The field of low-altitude wireless networks and edge computing is rapidly evolving, with a focus on improving task offloading, resource allocation, and security. Researchers are exploring innovative solutions, such as graph attention diffusion, reinforcement learning, and generative AI, to optimize network performance and efficiency. Notable papers in this area include proposals for joint task offloading and resource allocation, resilient communication for avalanche response, and RL-based adaptive task offloading. These advancements have the potential to significantly enhance the capabilities of low-altitude wireless networks and edge computing systems.
Noteworthy papers:
- Joint Task Offloading and Resource Allocation in Low-Altitude MEC via Graph Attention Diffusion: proposes a graph attention diffusion-based solution generator for joint task offloading and resource allocation.

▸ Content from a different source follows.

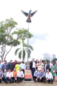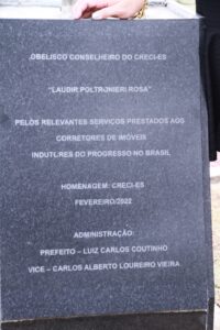 Agora, quem passar pelo município de Aracruz, no entorno da antiga “Praça da Paz”, atual Praça “Prefeito Heraldo Barbosa Musso”, poderá contemplar o belíssimo monumento que é o Obelisco Colibri , inaugurado no último dia 18/02 com o nome de Colibri “Corretor Laudir Poltronieri Rosa”. O homenageado, faleceu o ano passado de COVID, e foi lembrado pelo presidente do CRECI-ES devido aos relevantes serviços prestados à categoria dos corretores de imóveis. Suas filhas e neta estiveram presentes, e se emocionaram com a homenagem recebida do CRECI-ES.

- Generative AI-enhanced Low-Altitude UAV-Mounted Stacked Intelligent Metasurfaces: investigates a novel UAV-mounted stacked intelligent metasurfaces assisted communication system and proposes a generative AI-based hybrid optimization algorithm.
- Vision-Aided ISAC in Low-Altitude Economy Networks via De-Diffused Visual Priors: proposes a vision-aided integrated sensing and communication framework for UAV-assisted access systems, utilizing De-Diffusion models to extract compact semantic tokens.